If I JSON encode the data first:

 (kinesis/put-record "ad-stream" (json/write-str {:ad-id "some-id-2"}) "parition-key")

then I get an event with less junk characters, but it still isn't quite perfect, not good enough to read in other apps without breaking something:

NPi{"ad-id":"some-id-2"}

What is the significance of that leading junk, when converting Clojure maps to JSON? How to I pass a simple object to kinesis?

The tests show a plain map being passed as put-record's data parameter, I don't understand yet why that didn't just work for me:

  (let [data {:name "any data"
              :col  #{"anything" "at" "all"}
              :date now}
        sn (:sequence-number (put-record my-stream data (str (UUID/randomUUID))))]
    (put-record my-stream data (str (UUID/randomUUID)) sn))

  (Thread/sleep 3000)

  (def shard (-> (describe-stream my-stream)
               :stream-description
               :shards
               last
:shard-id))

update

I'm pretty sure that this is a bug in the library (or the serializer that it uses), so I'm continuing the investigation in a bug report at https://github.com/mcohen01/amazonica/issues/211.


Solution

  • Passing a ByteBuffer of a JSON string as the record data works for me.

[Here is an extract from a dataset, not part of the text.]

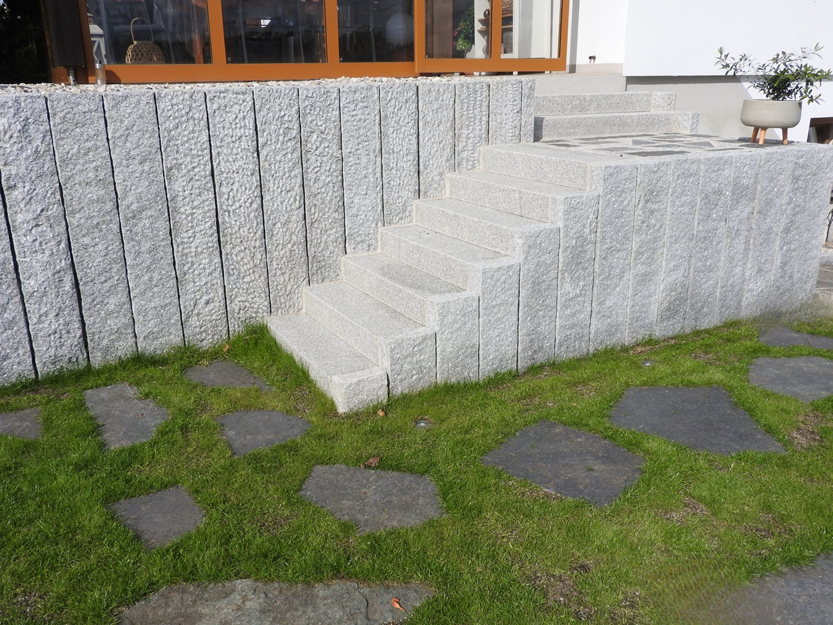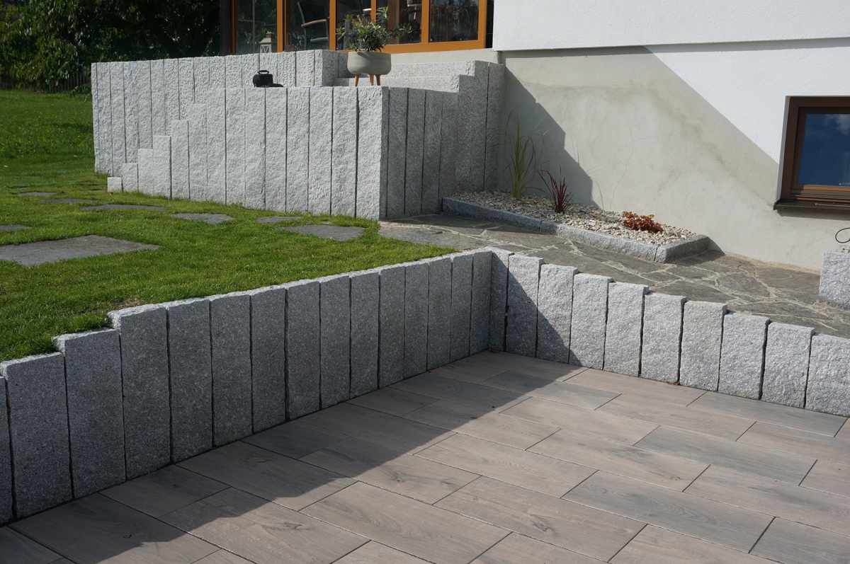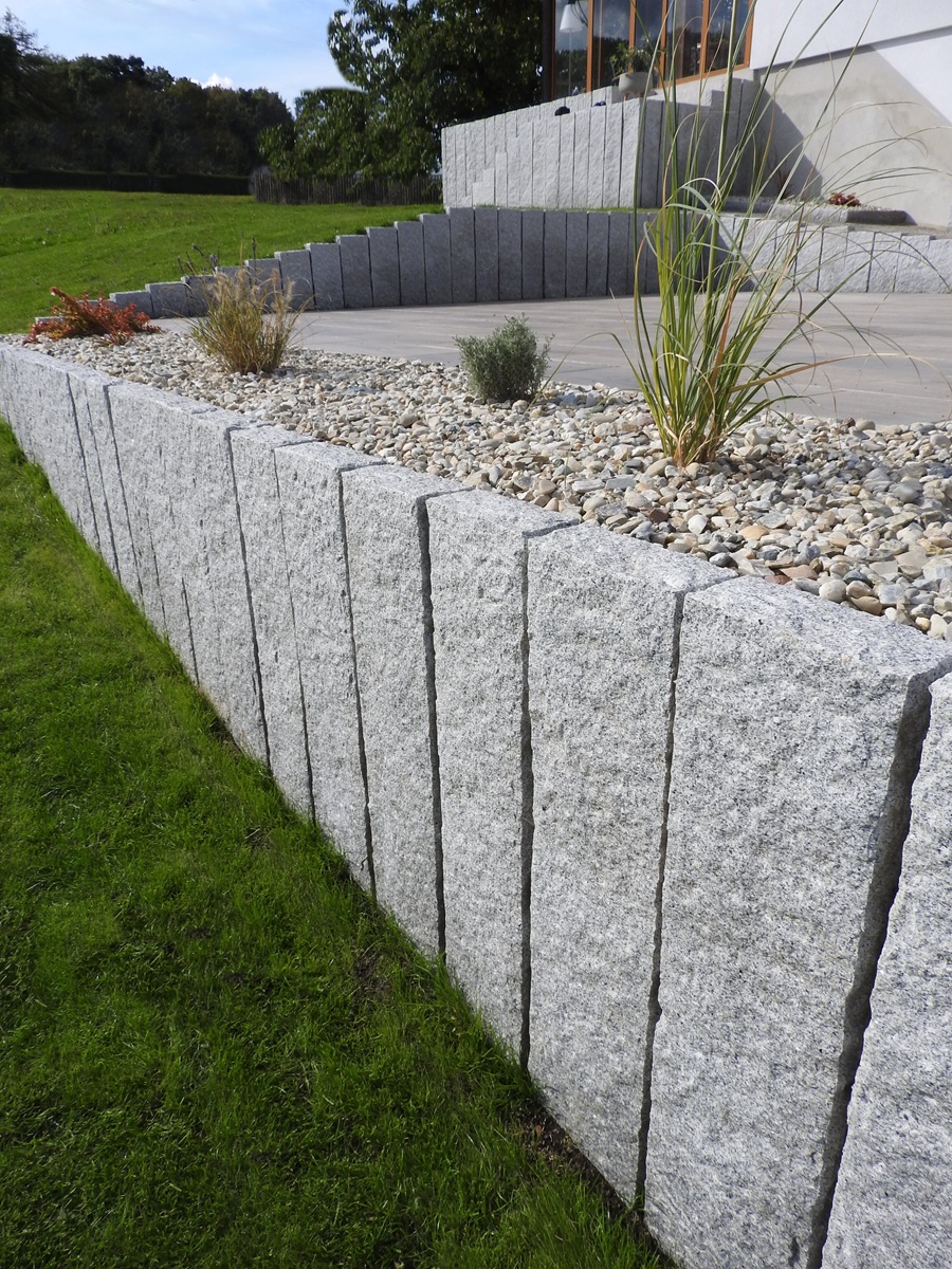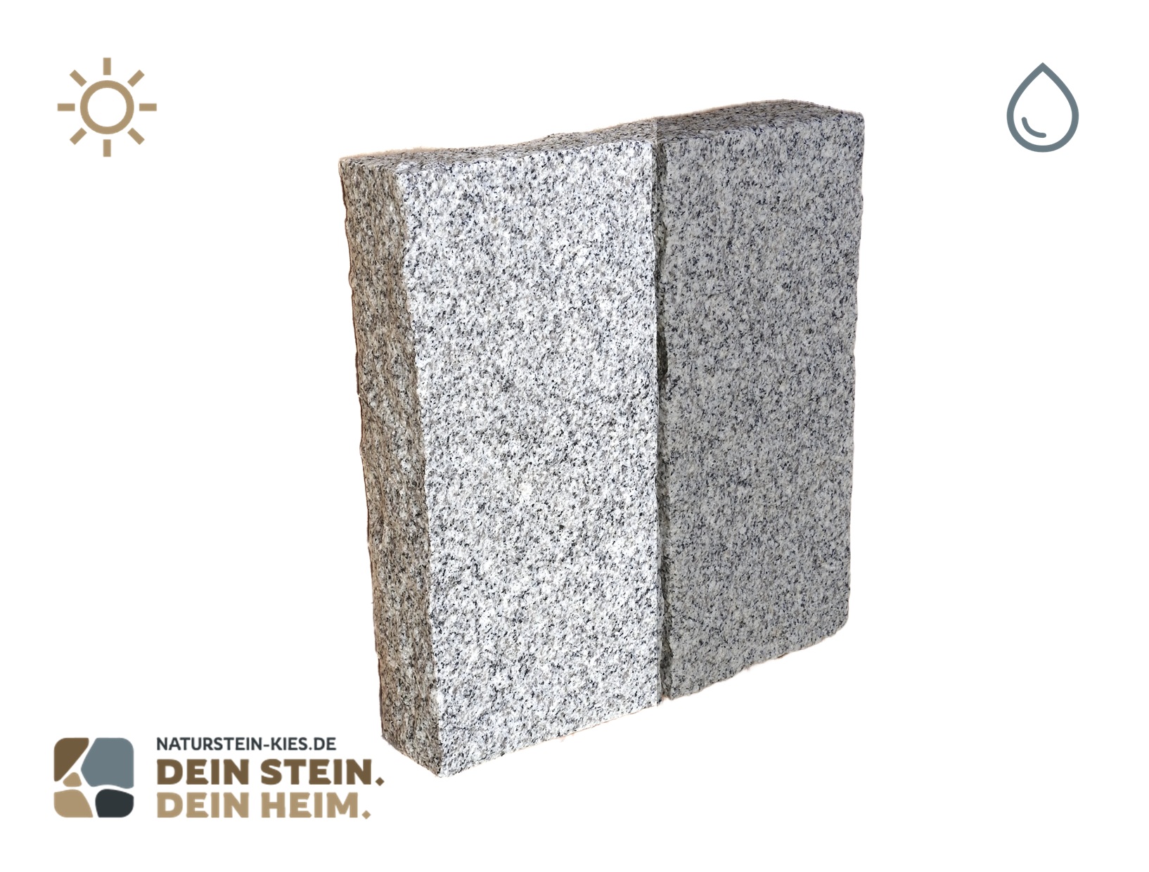 Mit einer Stärke von 10 cm bieten unsere Granit Stelen eine hohe Stabilität, die gerade bei längeren Abmessungen (bis zu 300 cm) vorteilhaft ist. Dank der robusten Verarbeitung können sie sowohl als Hochbeet Einfassung als auch als Treppenbau genutzt werden. Sie eignen sich perfekt für den hochkanten Bau und sind eine ästhetische Lösung für Beete, Terrassen und Einfahrten. Bei der gespitzten Bearbeitung kann es vorkommen, dass ein geringer Teil einer Fläche etwas tiefer ausbricht. Dies liegt daran, dass das Material zunächst gespalten und anschließend nachbearbeitet/gespitzt wird. Der Prozess des Spitzens sorgt für eine gleichmäßigere Oberfläche und geringen Fugen bei dem aneinander stellen der Stelen.

    (kinesis/put-record "ad-stream"
                        (-> {:ad-id "ad-stream"}
                            json/write-str .getBytes ByteBuffer/wrap)
                        "parition-key")
    

    Record data: "eyJhZC1pZCI6ImFkLXN0cmVhbSJ9", which decodes to:

    {"ad-id":"ad-stream"}
    

    This works around any encoding issue in the library, because Amazonica skips encoding when it is passed a ByteBuffer.